En los últimos días, las empanadas han sido motivo de los principales titulares y tema de conversación de los colombianos. Sin embargo, esto no tiene nada que ver con los ingredientes para prepararlas, ni con las tradiciones gastronómicas, sino con un hecho que parece salido de un guión de una comedia.
La multa a un joven que compró una empanada en una calle de Bogotá, en medio de la confusión provocada por un operativo para recuperar el espacio publico, generó polémica. Al final, tuvo que pagar una multa por 800.000 pesos, es decir, el valor del salario mínimo, que en Colombia no alcanza ni siquiera para un almuerzo decente.
Desde ese momento toda la burocracia policial pareció enfilarse a erradicar las ventas callejeras de empanadas.
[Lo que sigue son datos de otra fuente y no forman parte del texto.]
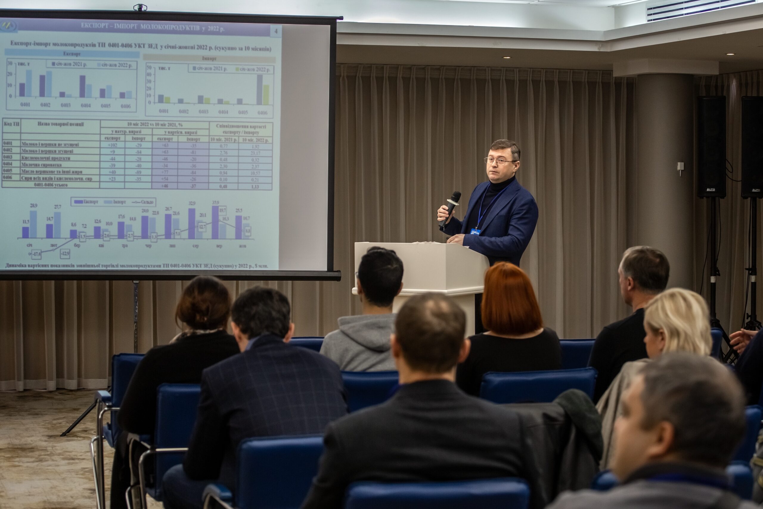 The speech of Leonid Tulush, Head Expert-Analytical Service of the Dairy Union of Ukraine, was devoted to the issue of impact of tax policy on the state of the dairy industry. In his presentation, he showed the impact of not always successful legislative innovations introduced in different periods of time on the state of the dairy industry, and spoke about the efforts made by the Dairy Union to create favorable conditions for the development of dairy industry.

En una ciudad asediada por la inseguridad, donde los atracos y otras modalidades delincuenciales son el martirio de la ciudadanía, que toda la policía despliegue operativos para decomisar y multar a vendedores callejeros y consumidores del típico tentempié criollo parece una escena salida de una película de los hermanos Marx.
"¿Es en serio, no me están mamando gallo?", es la pregunta que asalta a quién escucha el disparate.
Ante la fiebre surrealista por convertir en crimen comerse una empanada en un puesto callejero, la pregunta asalta al viandante casi inconscientemente: "¿Y donde diablos está un policía cuando las bandas de atracadores y fleteros hacen de las suyas? Yo no veo nunca un policía por aquí".
Lo más probable es que se estén comiendo una empanada, tranquila y apaciblemente mientras una voz desganada dice por el radioteléfono que se necesita una patrulla por un posible robo.
"¿A cómo la empanada?", pregunta un transeúnte.
"Caballero, está prohibido comprar en puestos ambulantes", advierte el policial, con las comisuras de los labios brillantes de grasa.
"Pero usted se está comiendo una", dice el peatón.
"Queda multado por irrespeto a la autoridad" le dice el policía, exhibiendo plenamente toda la arbitrariedad de su poder burocrático, otorgado por un código absurdo y contradictorio, que parece más un mal chiste del día de los inocentes, que una norma cívica.
Parece un chiste, una de esas bromas con cámara escondida tan populares en los programas de los años noventa en la televisión. Pero, no. No lo es. En Colombia la ley es un esperpento, una vulgaridad, una grosería salida de los labios de un borracho disfrazado de drag queen.